— Exercise objective —
Nothing but a verbatim copy of the data, minus the images, should be returned.

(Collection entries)
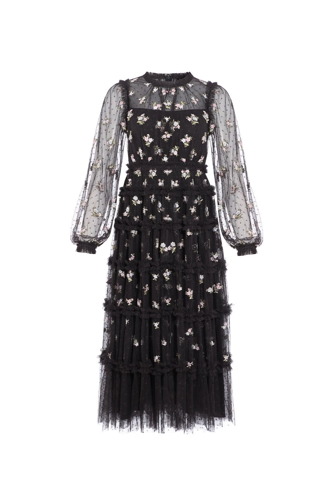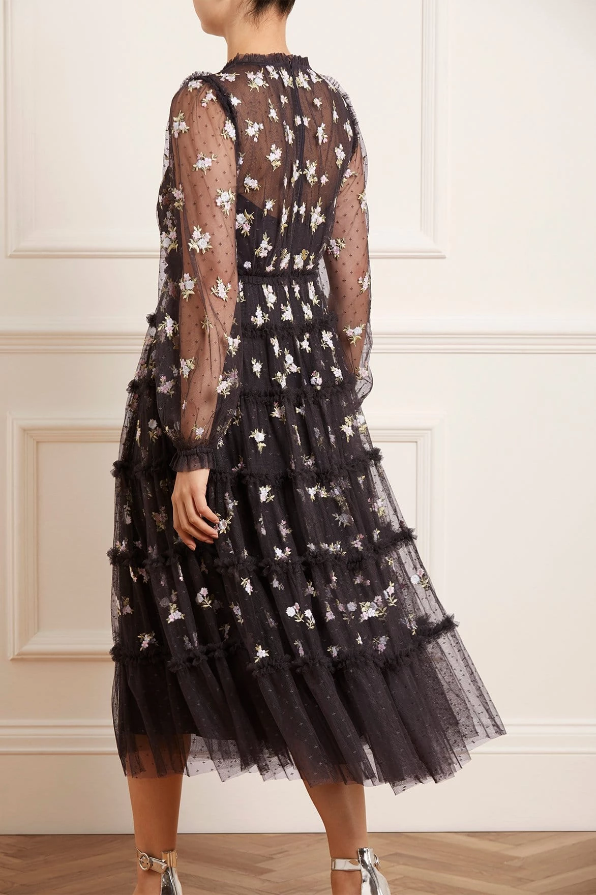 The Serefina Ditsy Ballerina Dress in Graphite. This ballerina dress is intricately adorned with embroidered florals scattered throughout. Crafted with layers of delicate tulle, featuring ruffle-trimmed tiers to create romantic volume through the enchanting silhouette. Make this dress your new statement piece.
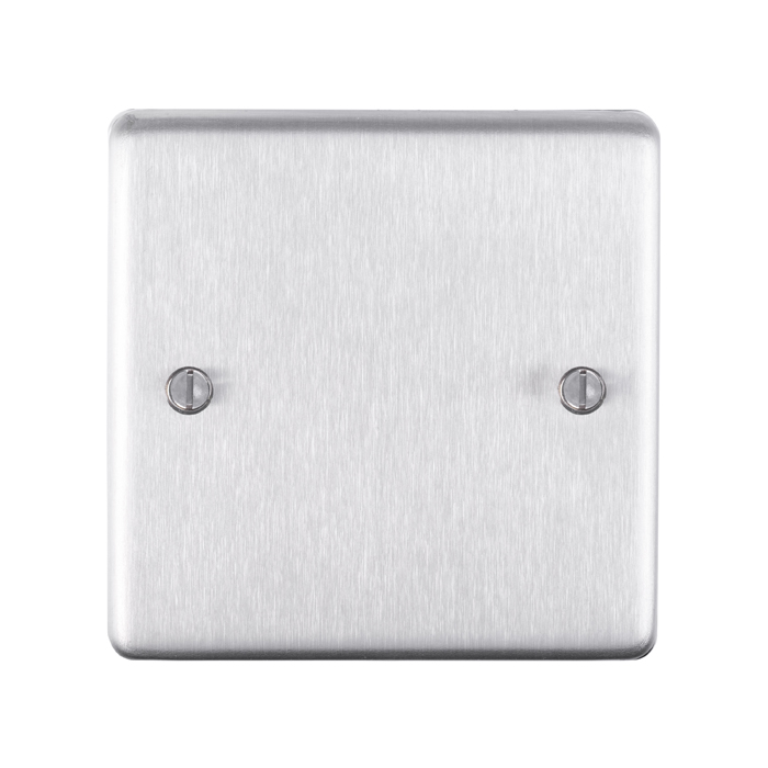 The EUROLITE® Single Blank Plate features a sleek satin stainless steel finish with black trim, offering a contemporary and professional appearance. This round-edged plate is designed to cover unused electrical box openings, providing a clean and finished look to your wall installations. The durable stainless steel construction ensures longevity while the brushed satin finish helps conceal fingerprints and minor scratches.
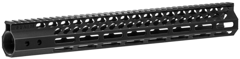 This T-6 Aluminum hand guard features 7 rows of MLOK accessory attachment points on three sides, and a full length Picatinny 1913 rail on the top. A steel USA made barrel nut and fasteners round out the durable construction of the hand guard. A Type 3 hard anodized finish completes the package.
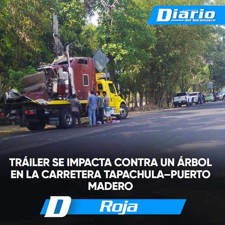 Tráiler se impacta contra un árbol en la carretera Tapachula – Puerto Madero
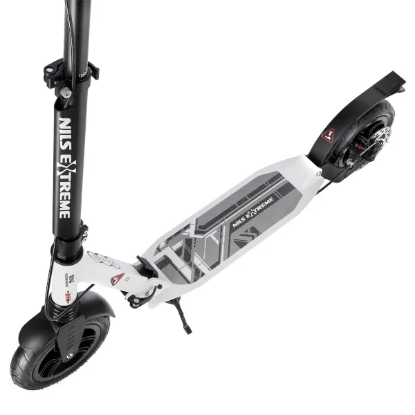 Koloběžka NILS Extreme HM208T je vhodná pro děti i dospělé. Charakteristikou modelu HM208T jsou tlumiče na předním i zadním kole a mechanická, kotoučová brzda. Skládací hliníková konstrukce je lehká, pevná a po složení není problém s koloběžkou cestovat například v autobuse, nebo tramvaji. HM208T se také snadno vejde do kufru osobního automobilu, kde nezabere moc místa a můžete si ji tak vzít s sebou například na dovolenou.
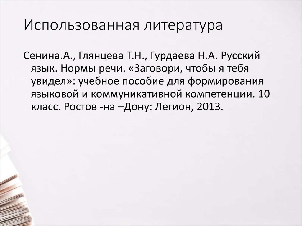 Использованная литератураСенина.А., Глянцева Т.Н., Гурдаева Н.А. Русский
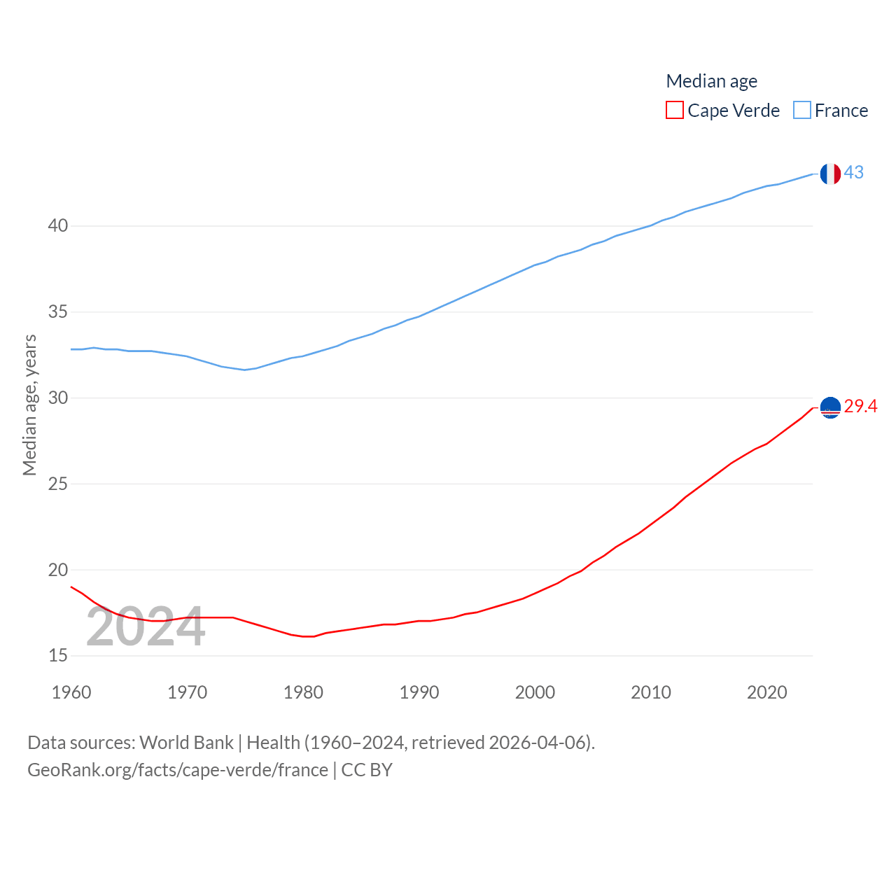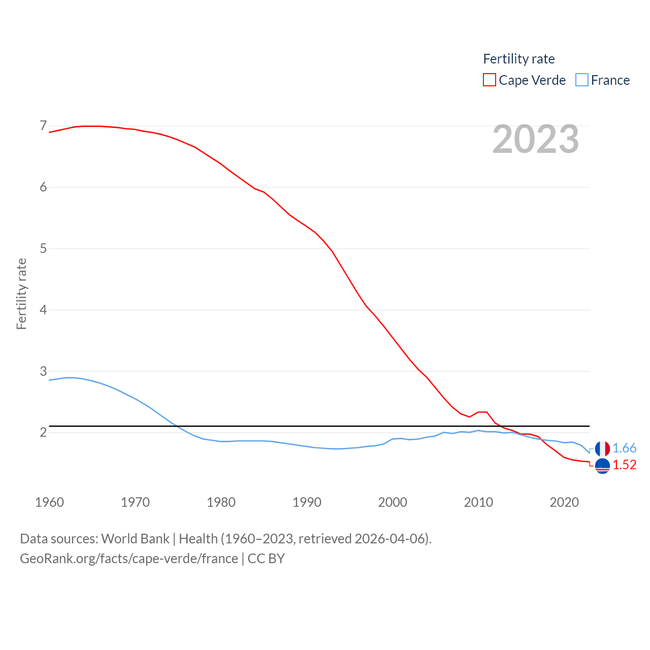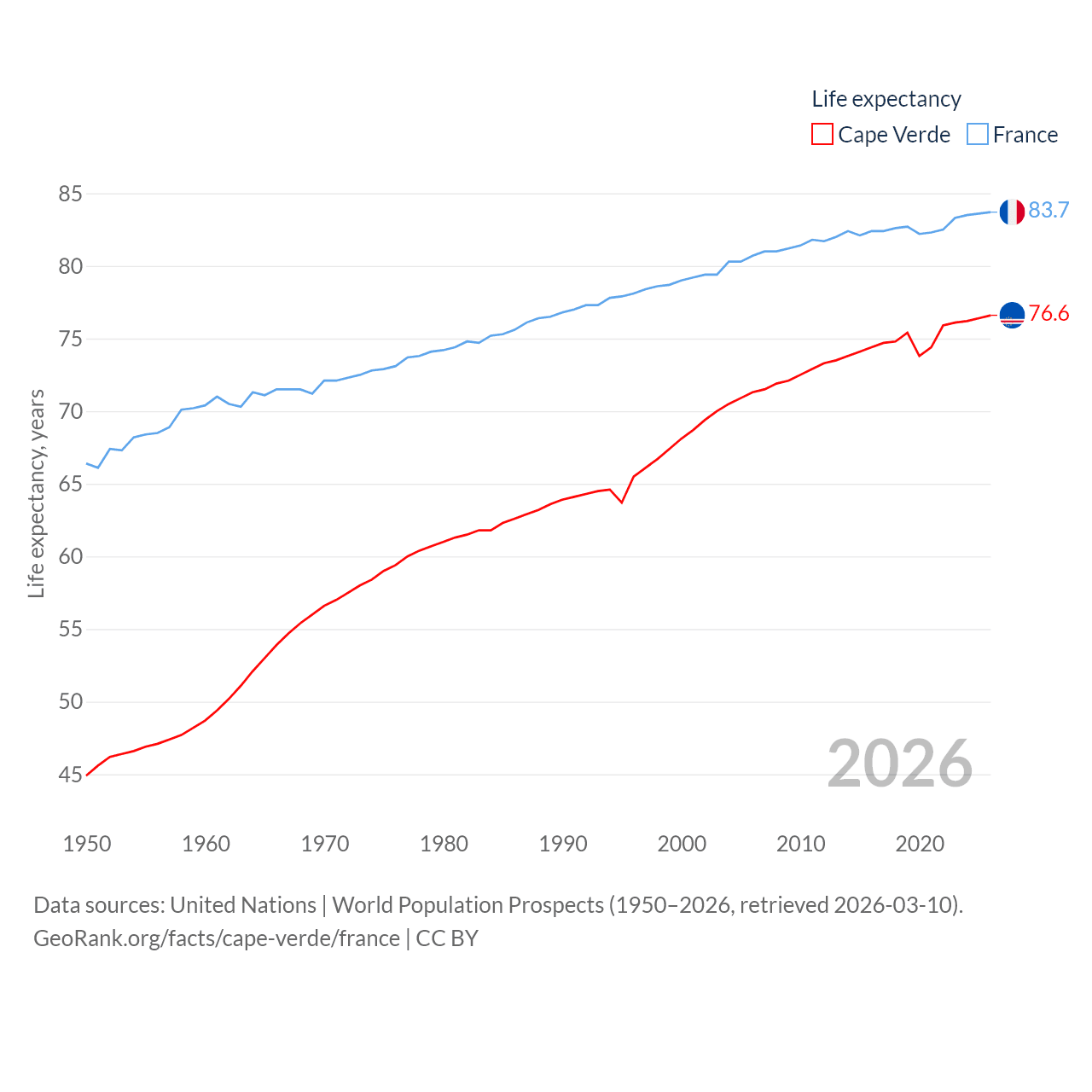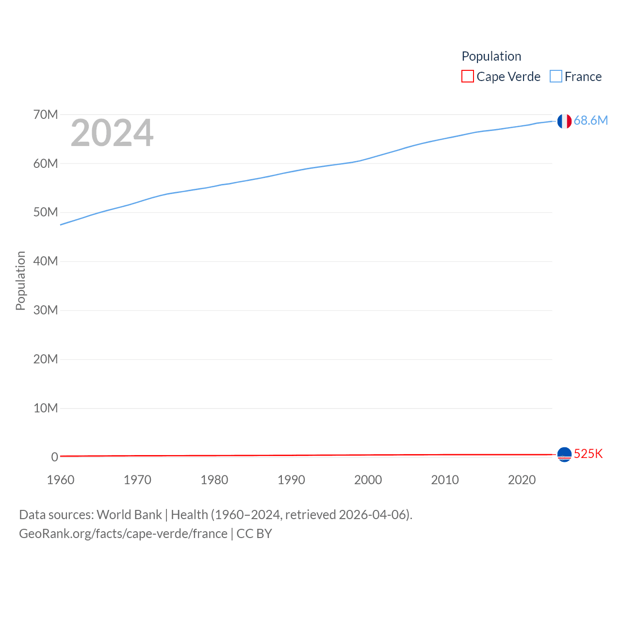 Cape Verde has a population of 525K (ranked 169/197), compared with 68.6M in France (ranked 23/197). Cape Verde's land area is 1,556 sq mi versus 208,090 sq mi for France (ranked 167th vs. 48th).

— Solution to this task —
 The Serefina Ditsy Ballerina Dress in Graphite. This ballerina dress is intricately adorned with embroidered florals scattered throughout. Crafted with layers of delicate tulle, featuring ruffle-trimmed tiers to create romantic volume through the enchanting silhouette. Make this dress your new statement piece.
 The EUROLITE® Single Blank Plate features a sleek satin stainless steel finish with black trim, offering a contemporary and professional appearance. This round-edged plate is designed to cover unused electrical box openings, providing a clean and finished look to your wall installations. The durable stainless steel construction ensures longevity while the brushed satin finish helps conceal fingerprints and minor scratches.
 This T-6 Aluminum hand guard features 7 rows of MLOK accessory attachment points on three sides, and a full length Picatinny 1913 rail on the top. A steel USA made barrel nut and fasteners round out the durable construction of the hand guard. A Type 3 hard anodized finish completes the package.
 Tráiler se impacta contra un árbol en la carretera Tapachula – Puerto Madero
 Koloběžka NILS Extreme HM208T je vhodná pro děti i dospělé. Charakteristikou modelu HM208T jsou tlumiče na předním i zadním kole a mechanická, kotoučová brzda. Skládací hliníková konstrukce je lehká, pevná a po složení není problém s koloběžkou cestovat například v autobuse, nebo tramvaji. HM208T se také snadno vejde do kufru osobního automobilu, kde nezabere moc místa a můžete si ji tak vzít s sebou například na dovolenou.
 Использованная литератураСенина.А., Глянцева Т.Н., Гурдаева Н.А. Русский
 Cape Verde has a population of 525K (ranked 169/197), compared with 68.6M in France (ranked 23/197). Cape Verde's land area is 1,556 sq mi versus 208,090 sq mi for France (ranked 167th vs. 48th).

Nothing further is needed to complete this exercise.